-- Opening Marker --
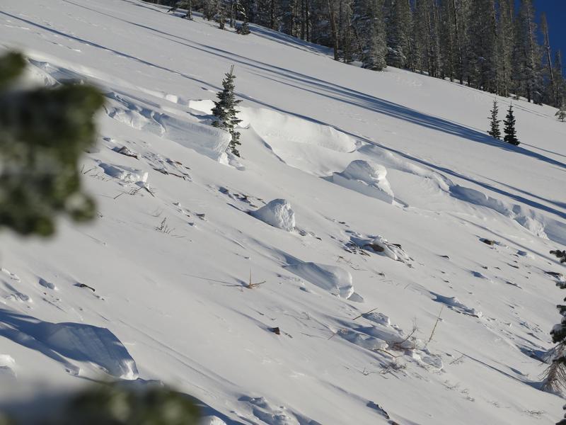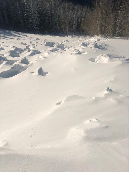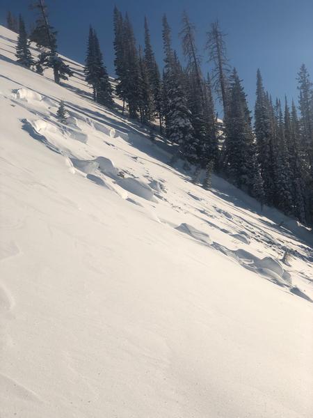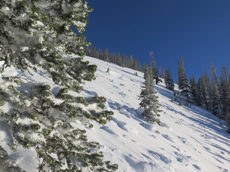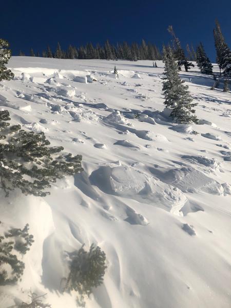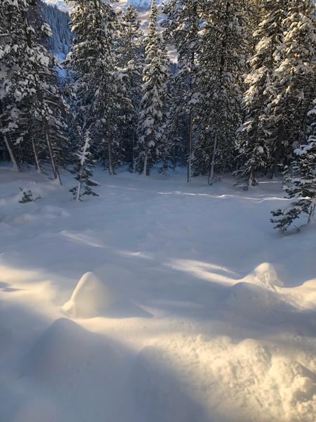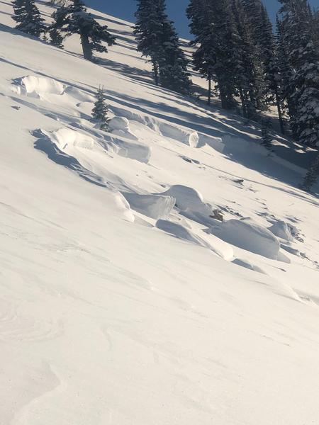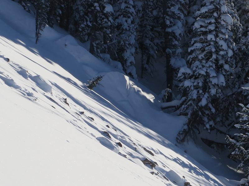 We came across this slide at the end of the day. I'm guessing it happened sometime on Wednesday the 6th or possibly Tuesday the 5th. There was a few inches of snow on the bed surface. Since it was the end of the day and there was still a decent amount of hang fire above the slide I didn't venture onto the bed surface at the crown. It looked to be between two and three feet deep at the crown but it appeared to have stepped down close to the ground. I'd guess the slide either failed at the new snow/old snow interface or, more likely, on the persistent weak layer that formed at the beginning of January, and then stepped down to older snow. Parts of the flanks were 5 feet deep and snow was piled up 6 to 8 feet deep on th uphill side of the trees. The most impressive aspect was the distance the slide ran. I'd say it ran close to 1000 feet or possibly more but the bottom half of the path is relatively forested and it kept making it's way through the trees. D3R3?
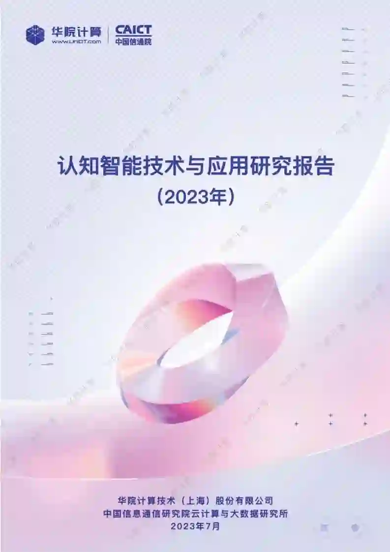 本报告由华院计算技术(上海)股份有限公司(以下简称“华院”)和中国信息通信研究院云计算与大数据研究所联合撰写,围绕认知智能发展现状、关键技术、典型应用场景和未来发展方向进行阐述,共分为四个部分。 第一部分聚焦认知智能发展现状,围绕学术环境、技术创新、产业规模等维度进行阐述; 第二部分聚焦认知智能关键技术,介绍知识数据融合、知识表示推理、认知规划与决策、多模态学习及情感计算五个技术方向;
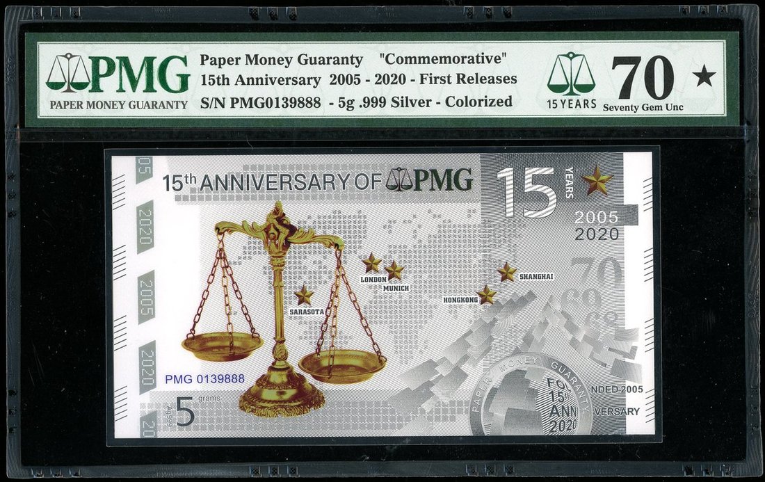 PMG, colourised silver commemorative note for the 15th anniversary of the company, 2020, weighs 3g containing .999 silver, first releases,
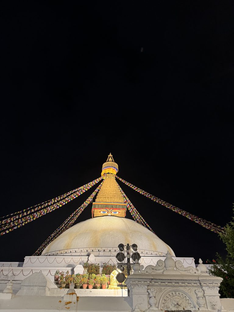 Alternative Text: A nighttime view of a large stupa adorned with colorful prayer flags.
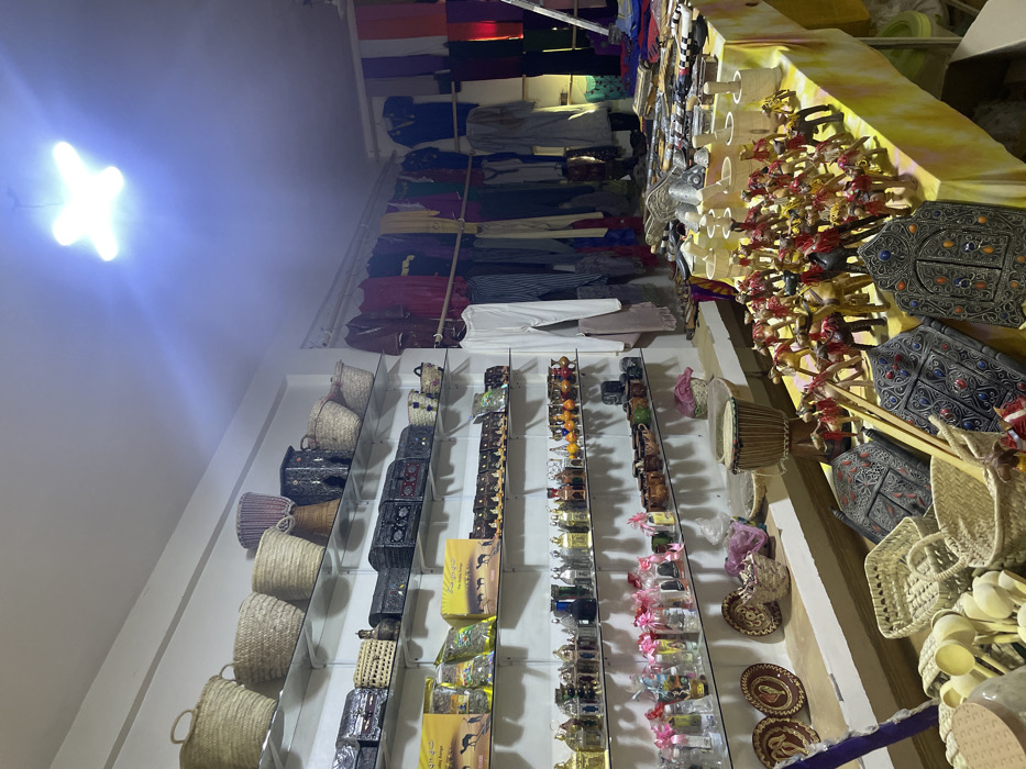 A well-lit shop displays a variety of goods. Woven baskets and embellished boxes line shelves on the left. Clothing hangs above. Further right, shelves showcase small decorative items, including souvenirs. A table displays wooden horse figures and ornamented boxes. The merchandise suggests a market setting or souvenir shop.
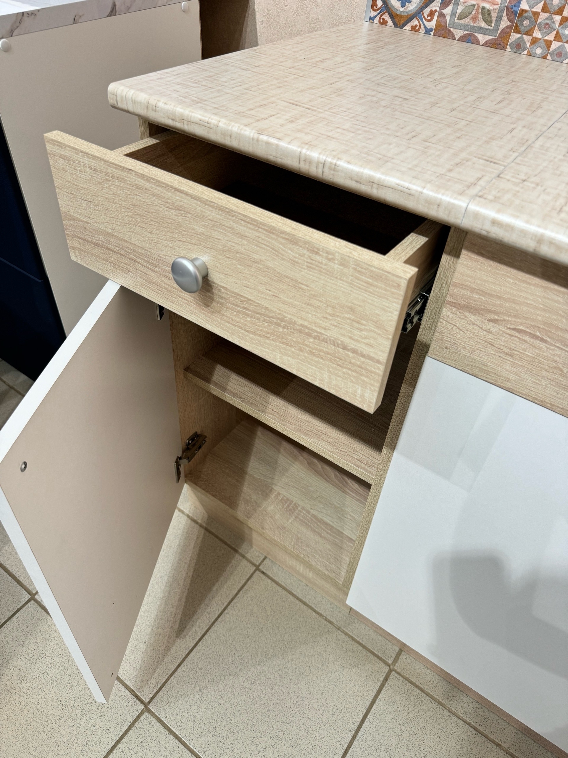 В 800мм-1шт., В 600мм.-1шт, нижние модули (корпуса с ящиками и распашными дверцами, фасады, ручки, столешницы) шкаф Н 400мм / 1 ящ -1шт.,
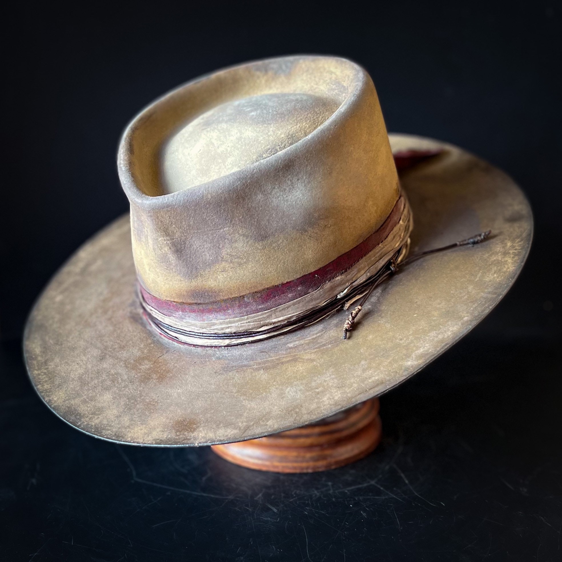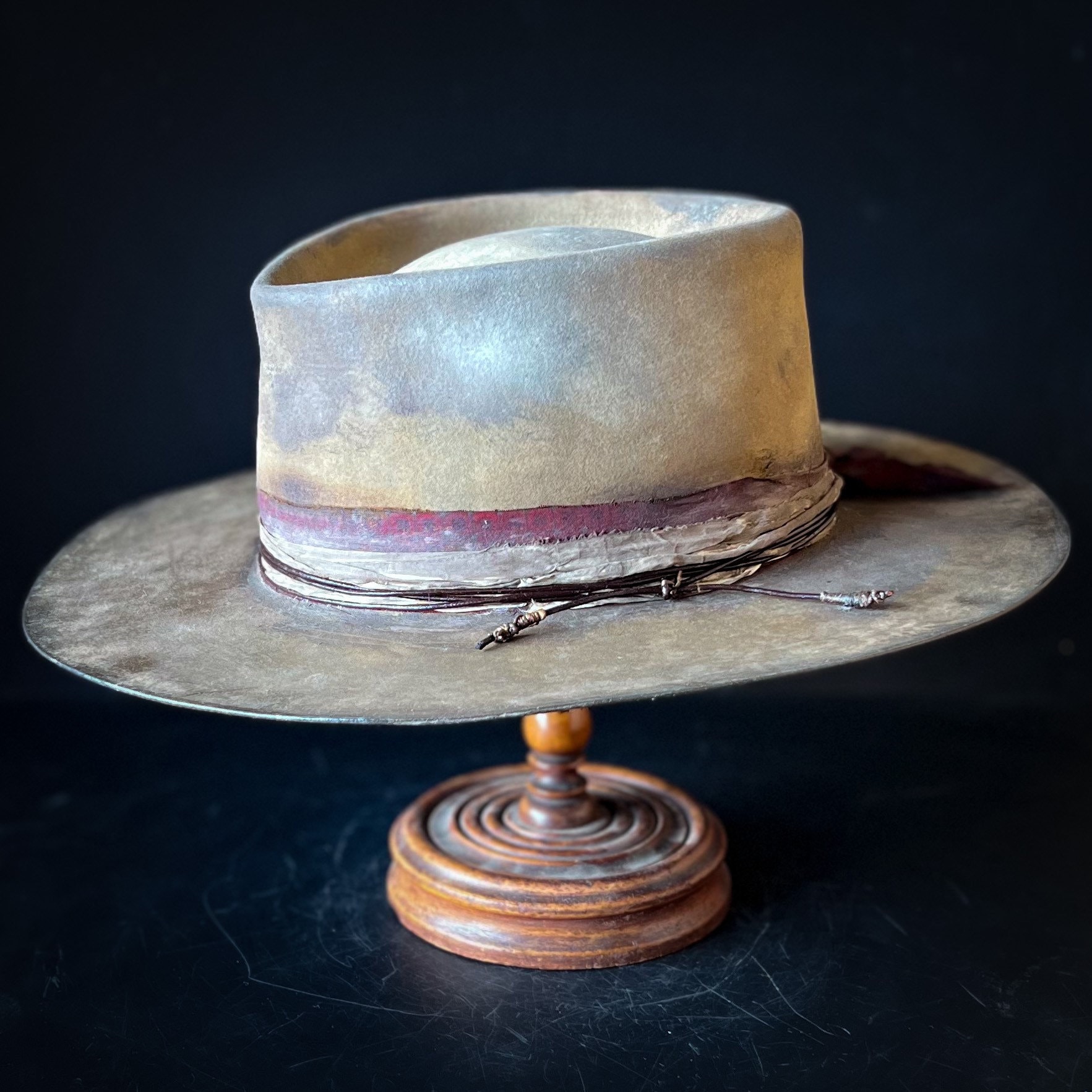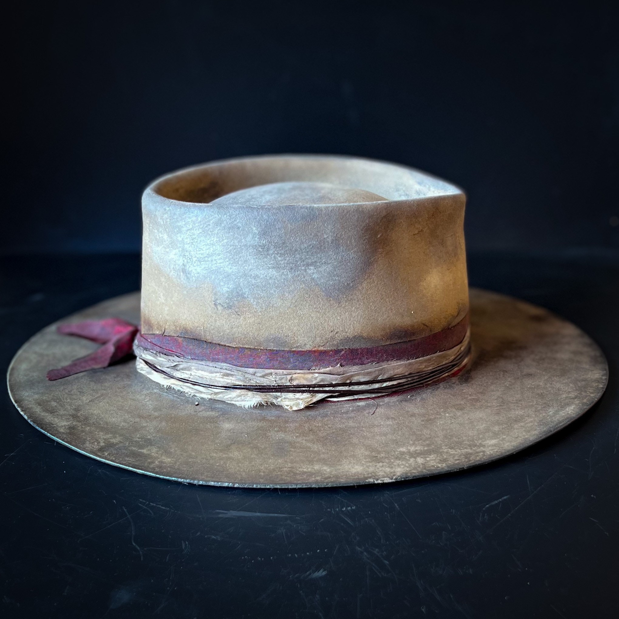 The “No Good” from Geniushatter is a size 7 3/8, 100X Beaver. Heavily distressed to look worn. 4 inches high crown with a 3 1/2 inches wide brim. Originally a gray color but distressed and soiled to give it its outlaw appearance. Not stiff at all, brim has a lot of give and will likely take on a mind of its own when worn. Can easily be manipulated and bent if needed.
-- Closing Marker --
- **What the exercise asks**:
What are the lines in the records above, word for word, from the one containing "PMG, colourised silver" through the one containing "Alternative Text: A", both ends included and pictures left out?

- **The completed task**:
 PMG, colourised silver commemorative note for the 15th anniversary of the company, 2020, weighs 3g containing .999 silver, first releases,
 Alternative Text: A nighttime view of a large stupa adorned with colorful prayer flags.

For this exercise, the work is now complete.